What I'm doing: I'm writing a small interpreter system that can parse a file, turn it into a sequence of operations, and then feed thousands of data sets into that sequence to extract some final value from each. A compiled interpreter consists of a list of pure functions that take two arguments: a data set, and an execution context. Each function returns the modified execution context:
type ('data, 'context) interpreter = ('data -> 'context -> 'context) list
The compiler is essentially a tokenizer with a final token-to-instruction mapping step that uses a map description defined as follows:
type ('data, 'context) map = (string * ('data -> 'context -> 'context)) list
Typical interpreter usage looks like this:
let pocket_calc =
let map = [ "add", (fun d c -> c # add d) ;
"sub", (fun d c -> c # sub d) ;
"mul", (fun d c -> c # mul d) ]
in
Interpreter.parse map "path/to/file.txt"
let new_context = Interpreter.run pocket_calc data old_context
The problem: I'd like my pocket_calc
interpreter to work with any class that supports add
, sub
and mul
methods, and the corresponding data
type (could be integers for one context class and floating-point numbers for another).
However, pocket_calc
is defined as a value and not a function, so the type system does not make its type generic: the first time it's used, the 'data
and 'context
types are bound to the types of whatever data and context I first provide, and the interpreter becomes forever incompatible with any other data and context types.

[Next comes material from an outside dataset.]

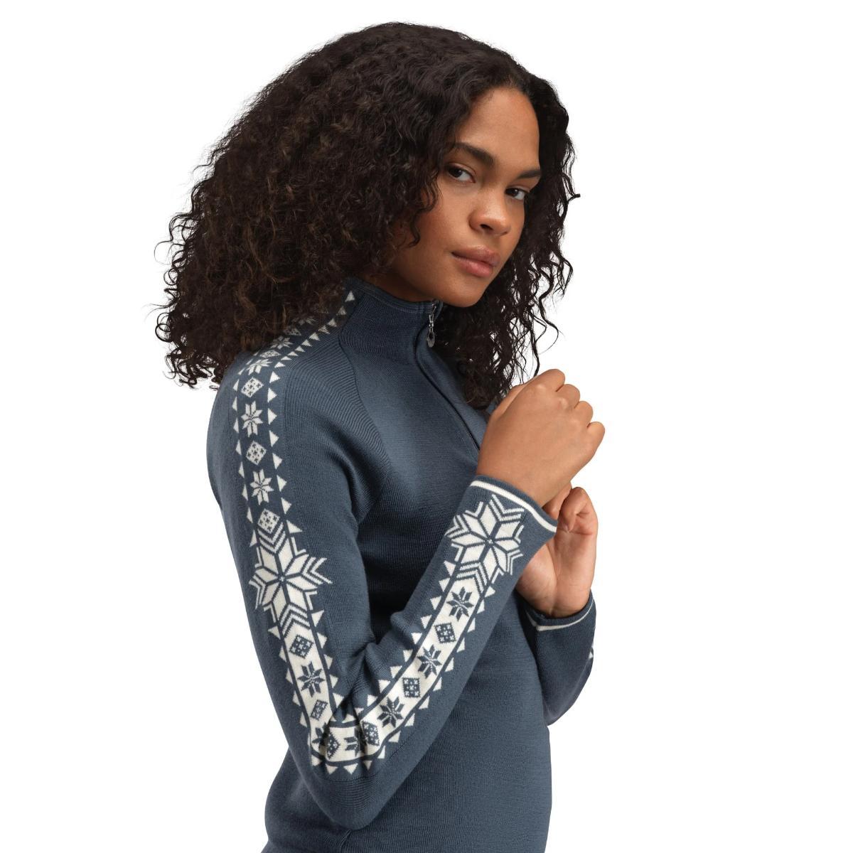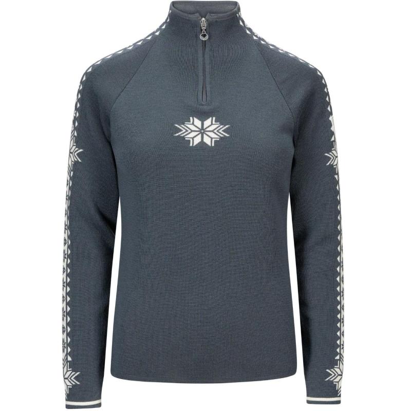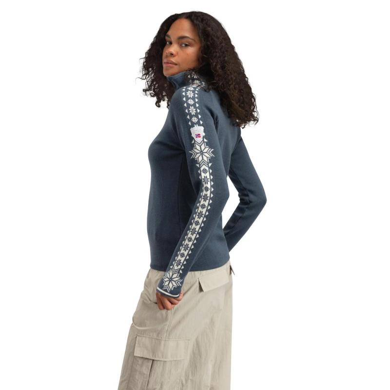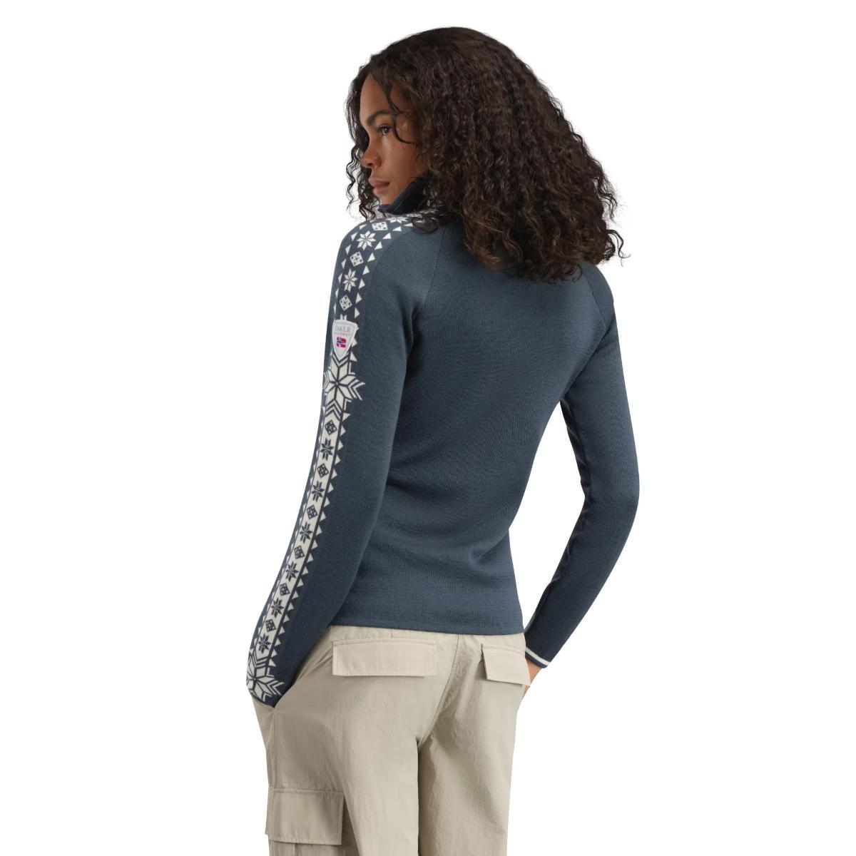 Dale of Norway Geilo ullgenser til dame har fått navnet sitt etter Norges mest populære skidestinasjon, designet med en robust dobbelstrikket konstruksjon, perfekt for en aktiv livsstil. Geilo ullgenser er laget av 100% supermyk premium merinoull for luksuriøs varme, mens medium høy hals med kvart glidelås gir ekstra komfort og allsidighet. Det repetitive mønster med åttetaggede roser på ermene kombinert med en stor rose på brystet gir genseren et klassisk utseende med et sporty preg. Geilo ullgenser til dame her en smal passform og kan vaskes i maskin på ullprogram.

A viable solution is to eta-expand the definition of the interpreter to allow its type parameters to be generic:
let pocket_calc data context =
let map = [ "add", (fun d c -> c # add d) ;
"sub", (fun d c -> c # sub d) ;
"mul", (fun d c -> c # mul d) ]
in
let interpreter = Interpreter.parse map "path/to/file.txt" in
Interpreter.run interpreter data context
However, this solution is unacceptable for several reasons:
It re-compiles the interpreter every time it's called, which significantly degrades performance. Even the mapping step (turning a token list into a interpreter using the map list) causes a noticeable slowdown.
My design relies on all interpreters being loaded at initialization time, because the compiler issues warnings whenever a token in the loaded file does not match a line in the map list, and I want to see all those warnings when the software launches (not when individual interpreters are eventually run).
I sometimes want to reuse a given map list in several interpreters, whether on its own or by prepending additional instructions (for instance,
"div"
).
The questions: is there any way to make the type parametric other than eta-expansion? Maybe some clever trick involving module signatures or inheritance? If that's impossible, is there any way to alleviate the three issues I have mentioned above in order to make eta-expansion an acceptable solution? Thank you!